**YOUR ASSIGNMENT**
With the line containing "The costume features" as the final line, restate exactly every line of the data below from the first one onward, and copy no pictures.

====== RECORD SET ======

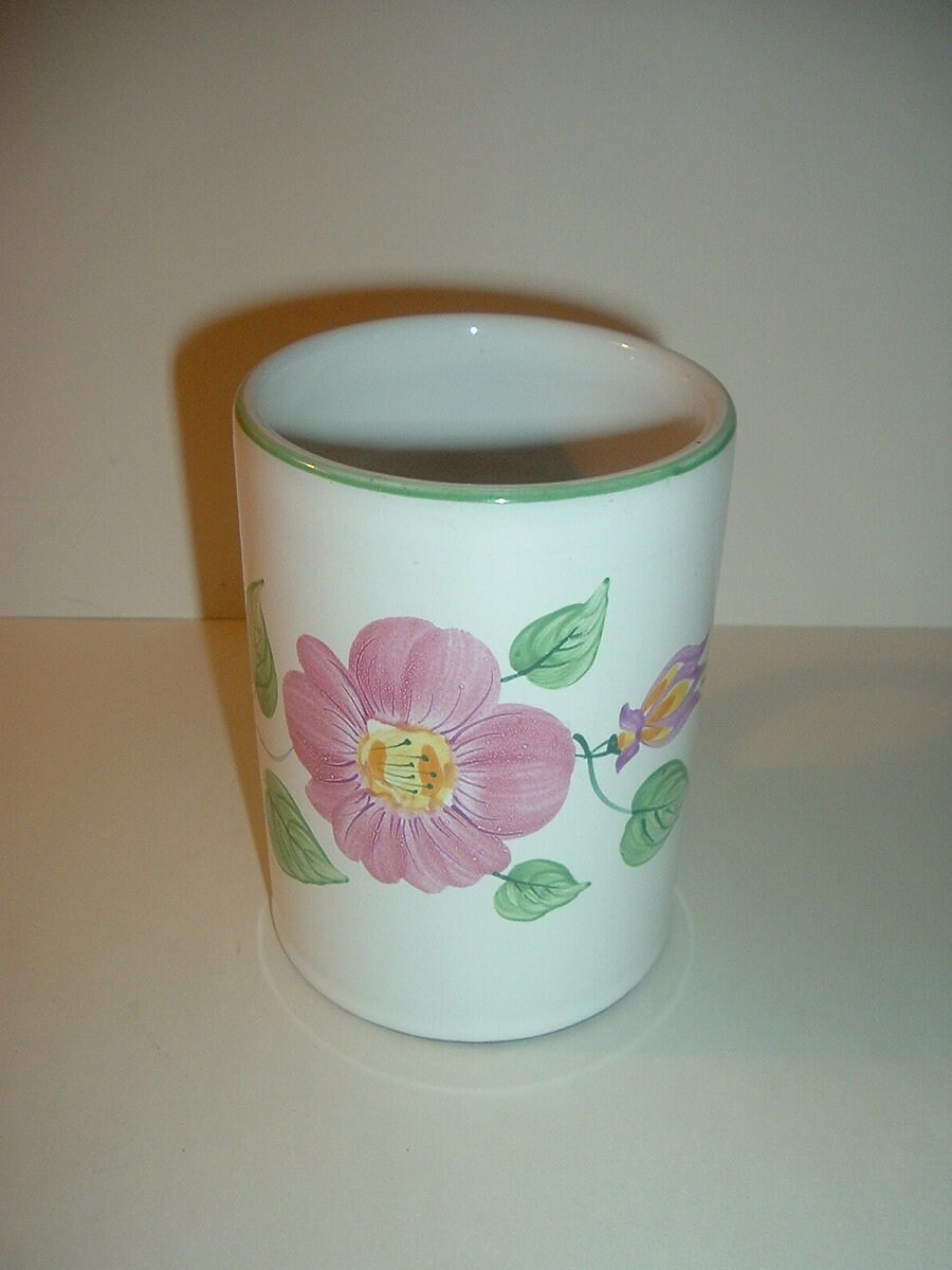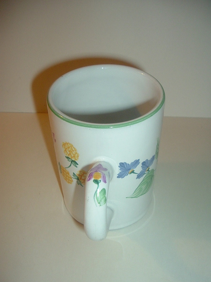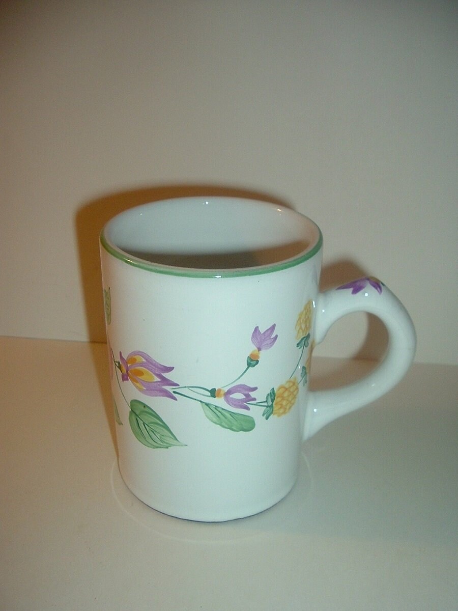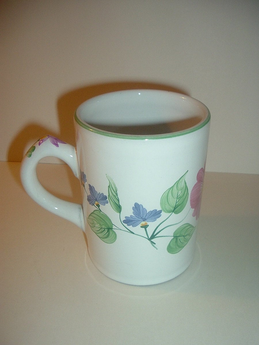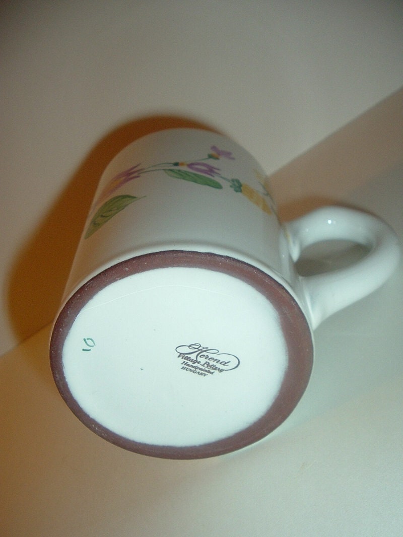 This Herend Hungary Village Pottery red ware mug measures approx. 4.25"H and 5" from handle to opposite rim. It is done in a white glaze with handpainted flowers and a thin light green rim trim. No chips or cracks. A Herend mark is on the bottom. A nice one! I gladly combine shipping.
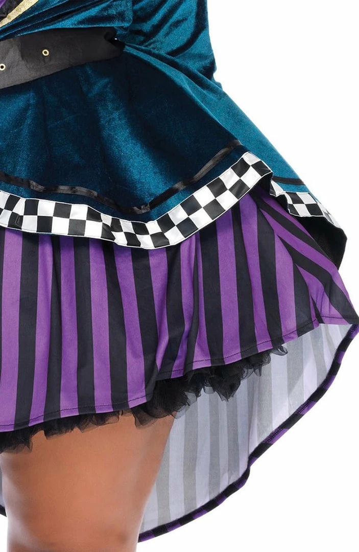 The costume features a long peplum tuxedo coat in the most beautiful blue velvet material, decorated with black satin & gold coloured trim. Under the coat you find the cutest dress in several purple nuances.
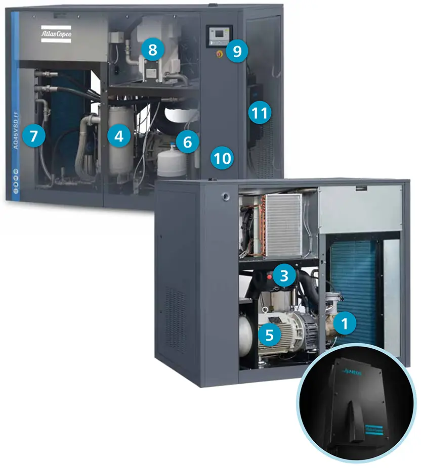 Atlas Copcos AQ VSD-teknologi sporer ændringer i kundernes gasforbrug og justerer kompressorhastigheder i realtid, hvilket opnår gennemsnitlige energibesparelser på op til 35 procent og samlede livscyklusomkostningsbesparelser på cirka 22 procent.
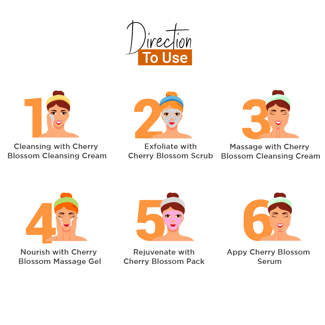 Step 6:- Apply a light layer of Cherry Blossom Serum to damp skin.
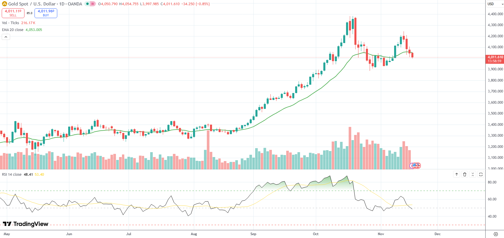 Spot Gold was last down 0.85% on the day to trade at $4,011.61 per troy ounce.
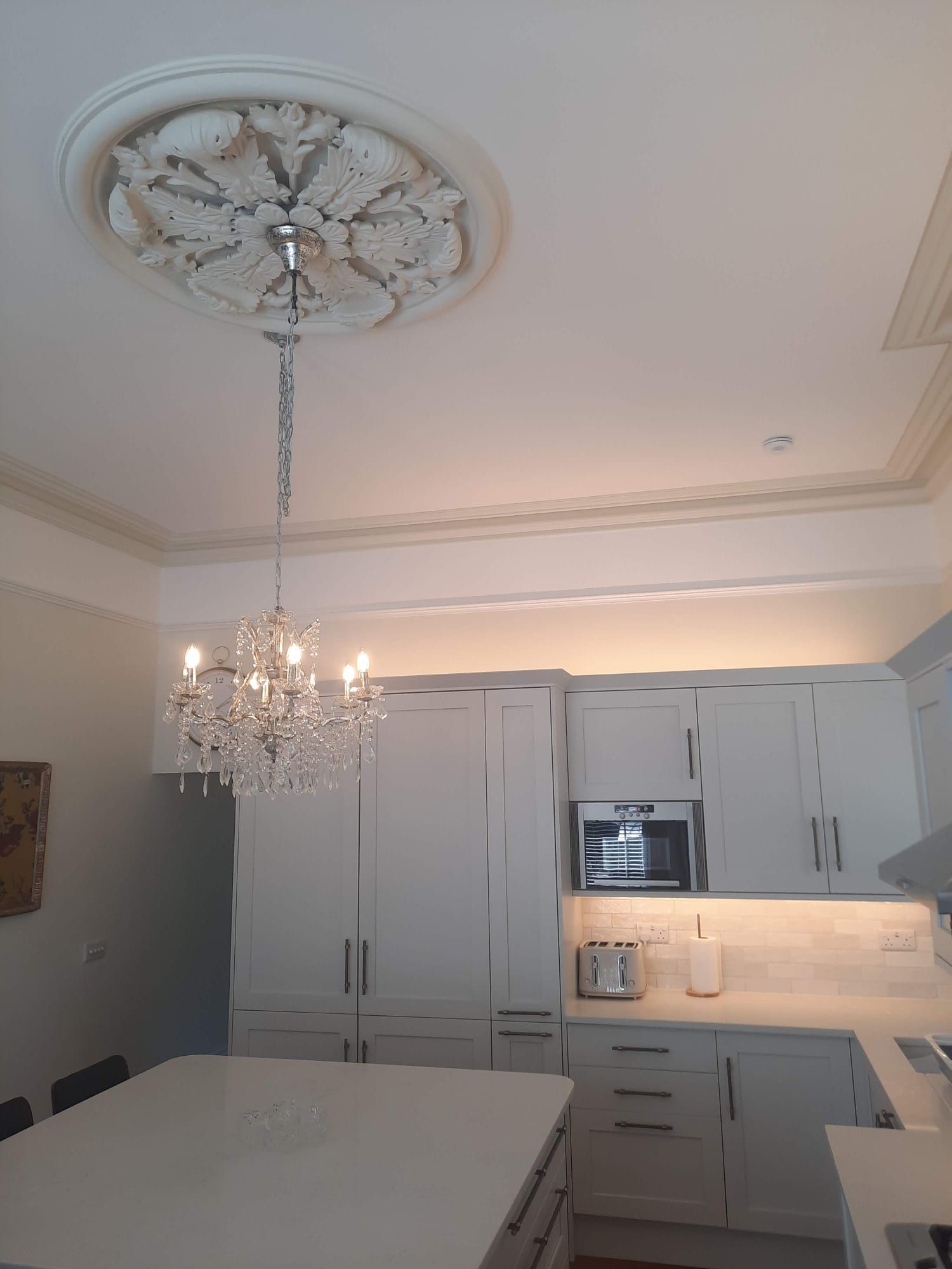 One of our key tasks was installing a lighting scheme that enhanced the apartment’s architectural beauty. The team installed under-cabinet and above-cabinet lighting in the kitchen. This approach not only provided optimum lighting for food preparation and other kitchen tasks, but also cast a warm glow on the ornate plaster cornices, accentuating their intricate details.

======

**WRITTEN RESPONSE**
 This Herend Hungary Village Pottery red ware mug measures approx. 4.25"H and 5" from handle to opposite rim. It is done in a white glaze with handpainted flowers and a thin light green rim trim. No chips or cracks. A Herend mark is on the bottom. A nice one! I gladly combine shipping.
 The costume features a long peplum tuxedo coat in the most beautiful blue velvet material, decorated with black satin & gold coloured trim. Under the coat you find the cutest dress in several purple nuances.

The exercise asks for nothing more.